Textile factories in the US have almost wholly closed down because they are unable to compete with low cost production from developing countries like China and India. The wages of an unskilled worker in the US are about Rs 4,000 per day at present. The corresponding wage in India is Rs 150 per day. Both are moving towards a common middle level of, say, Rs 250. Wages in developing countries are moving upward. The upward movement is small but the numbers involved is large hence the total impact may be somewhat similar.
Another argument in favor of decline in sensex is that the share of developed countries in the world income is about 80 percent. Recession in this huge area will impact the developing countries just like a flood uproots the small plants in the garden. Some adverse impact on India cannot be denied. However, the depth of this impact will depend upon the rate of growth of new markets.
The share of the developed countries will speedily contract while that of the developing countries will rise. India and China accounted for nearly one-half of the world income in the seventeenth century. Now the reverse is happening. The present crisis in America may see speeding of this trend. The development of new markets may compensate for the losses in US markets. Indications of opposite effects of the slowdown on US and India are available. Businesses are moving from America to developing countries. Manufacture of cars has largely shifted and that of textiles, shoes and toys almost wholly so. Banking and finance is also moving. Jobs are being cut in the developed countries while new appointments are being made in India.
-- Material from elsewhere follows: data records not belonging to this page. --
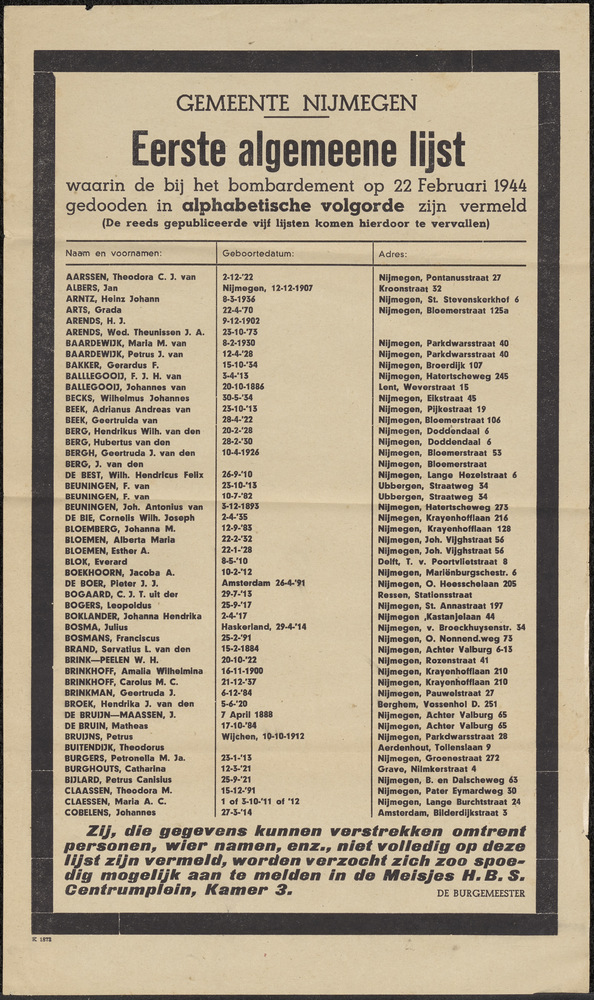 Nijmegen, 22 februari 1944; Lange Koningstraat, Cani...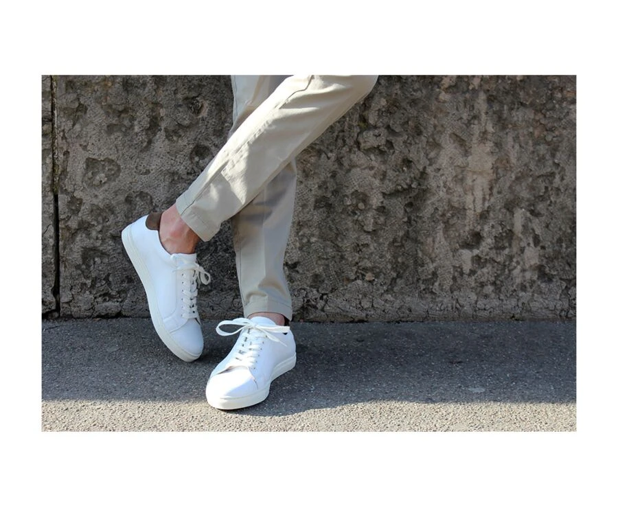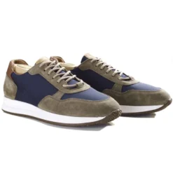 Ce sneaker est réalisé en cousu latéral et cuir de vachette, sur une semelle épaisse et confortable en caoutchouc. Renfort arrière en cuir. oeillets invisibles et lacets plats en coton cirés ton sur ton et première amovible en cuir de vachette.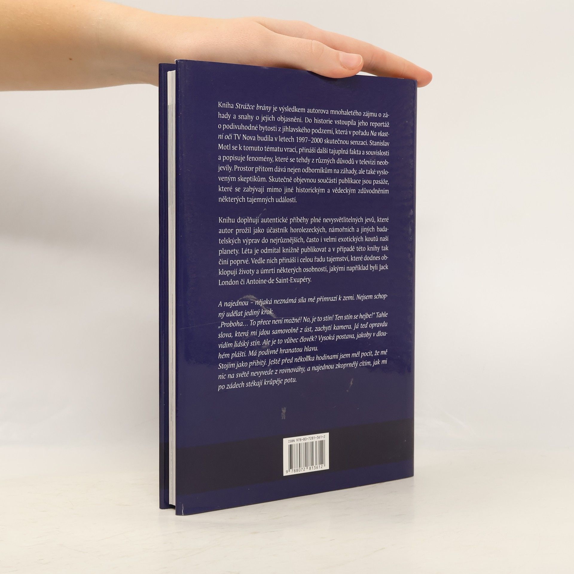 Kniha Strážce brány je výsledkem autorova mnohaletého zájmu o záhady a snahy o jejich objasnění. Do historie vstoupila jeho reportáž o podivuhodné bytosti z jihlavského podzemí, která v pořadu Na vlastní oči TV Nova budila v letech 1997 – 2000 skutečnou senzaci. Stanislav Motl se k tomuto tématu vrací, přináší další tajuplná fakta a souvislosti a popisuje fenomény, které se tehdy z různých důvodů v televizi neobjevily. Prostor přitom dává nejen odborníkům na záhady, ale také vysloveným skeptikům. Skutečně objevnou součástí publikace jsou pasáže, které se zabývají mimo jiné historickým a vědeckým zdůvodněním některých tajemných a pro mnohé lidi nevysvětlitelných událostí. Knihu doplňují autentické příběhy plné nevysvětlitelných jevů a událostí, které autor prožil jako účastník horolezeckých, námořních a jiných badatelských výprav do nejrůznějších, často i velmi exotických koutů naší planety. Léta je odmítal knižně publikovat a v případě této knihy tak činí poprvé. Vedle nich přináší i celou řadu tajemství, které dodnes obklopují životy a úmrtí některých osobností, jakými například byli Jack London či Antoine-de Saint-Exupéry. zdroj: http://www.eminent.cz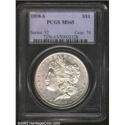 1898-S S$1 MS65 PCGS. A lustrous Gem with exquisite surfaces. The portrait has a few faint roller ma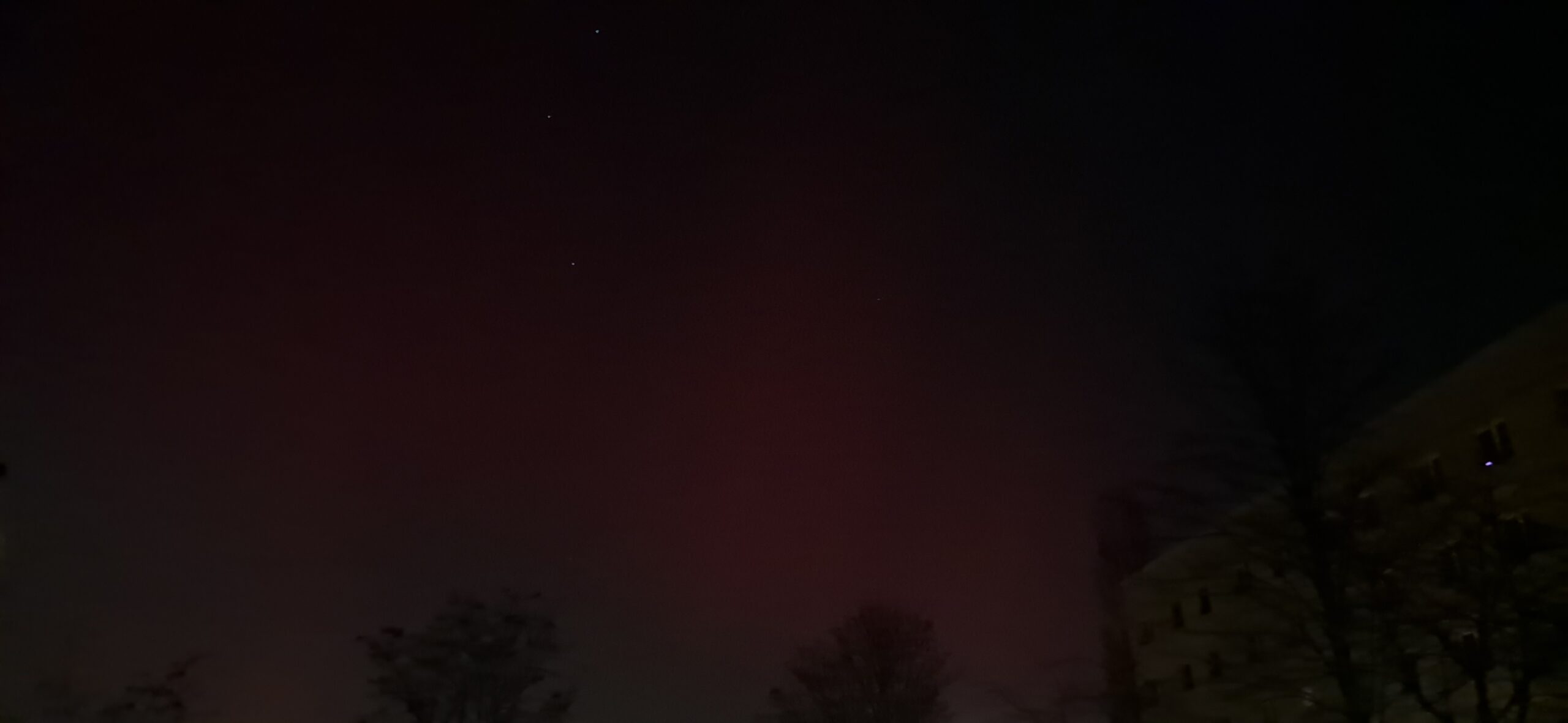 Was für eine unglaubliche Nacht – kurz, aber absolut einmalig! Eigentlich war ich viel zu müde, um noch zum Fotografieren vor die Tür zu gehen. Doch ein Blick auf mein Handy verriet mir: Polarlichter über Berlin! Trotz der Erschöpfung habe ich mich aufgerafft, und es hat sich gelohnt. Ich konnte diesen atemberaubenden Höhepunkt mit meinem Smartphone festhalten. Ein Moment, den ich so schnell nicht vergessen werde!“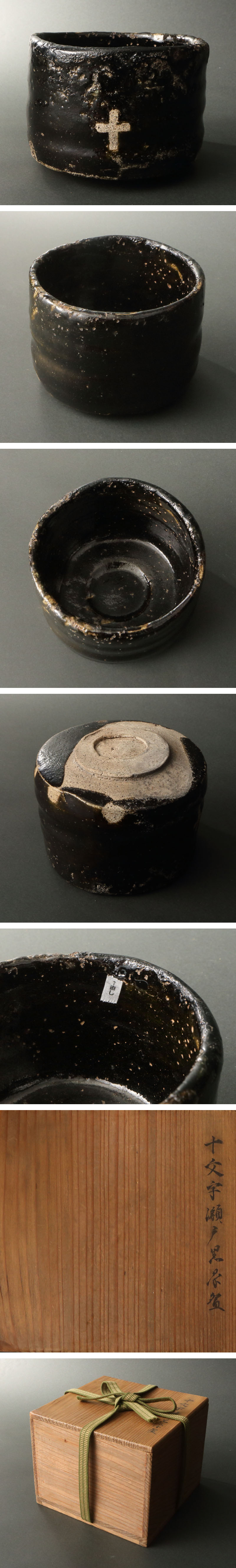委託HK◇時代 瀬戸黒写十字紋茶碗(茶道具 陶磁器 陶芸 美濃焼 瀬戸焼 クルス キリシタン 十字架 クリスマス 黒茶碗) 收藏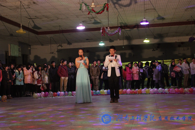 12月24日晚上7:00,学海二食堂学生活动中心灯光炫目,人头攒动,由beat365官网主办、团总支学生会办公室策划承办的主题“不闪耀,不圣诞”平安夜欢乐舞会在此隆重举行。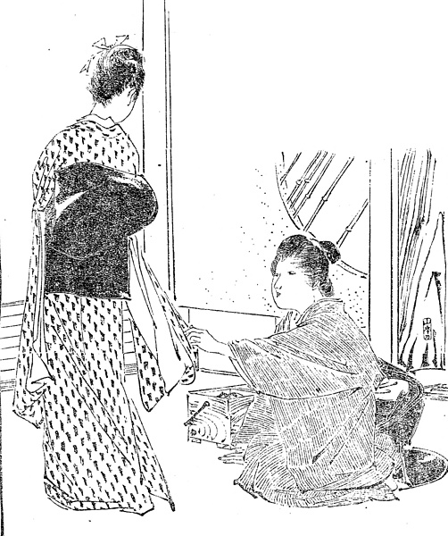 | 説明 | 結婚を急がせる母親と、それに従おうとしない娘。娘には親の決めた許婚があるが、それは意中の男性とはちがう。話を打ち切って立とうとする娘の袂を、母親はつかんではなさない。振袖はこんなとき着ている人には拘束になる。母娘の間でそんなことはないにしろ、つかんでいる手を放そうと無理に引けば、袖付けのほころびることがあるから、こちらも自分の袂をつかんで振りはらう。下着や長襦袢が八ツ口から飛び出している。母親は四十代の女の小ぶりな髷の丸髷、娘は縦型の束髪だが、この時期は前が高くそびえるようになっているのが特色。(大丸 弘) |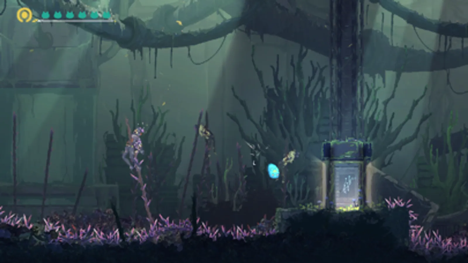 MO has an exquisite pixel art that is both adorable yet dark, giving the game a full-bodied sci-fi atmosphere. Besides fitting the storyline perfectly, the amazing aesthetic effects are a constant visual feast for players as they adventure onward.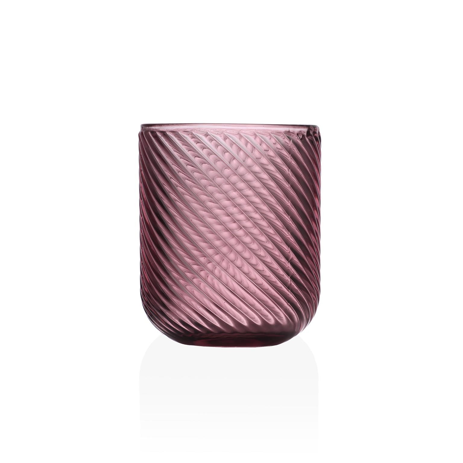Il bicchiere in cristallo rosa rappresenta un elemento distintivo per la cucina e la sala da pranzo, con un design moderno caratterizzato da linee sinuose.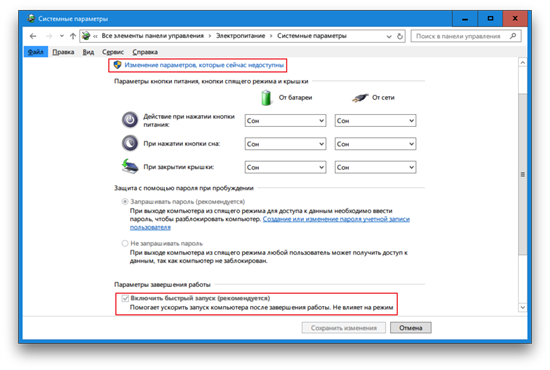 Перед вами появится окно старой панели управления. Найдите в левой панели ссылку «Действия кнопок питания» и щёлкните по ней. В этом разделе нас интересуют опции завершения работы, но не все из них доступны. Поэтому сначала требуется щёлкнуть по ссылке «Изменение параметров, которые сейчас недоступны» и только потом можно будет установить флажок возле опции «Включить быстрый запуск (рекомендуется)».

This is sufficient indication that the decline of the US is more in the nature of readjustment of the global economy and is not an indicator of an all-pervasive decline. Indian share markets are impacted in two contrary ways by the decline of United States. The immediate impact is negative. India will emerge as a desired destination. The rupee is rising which means that global investors would be well advised to sell dollar-denominated stocks and buy rupee-denominated stocks. The remittance by American banks should be assessed in this backdrop. It may take some time for the new inflows into the Indian economy to establish but it is likely to happen. The Sensex will rebound slowly but surely.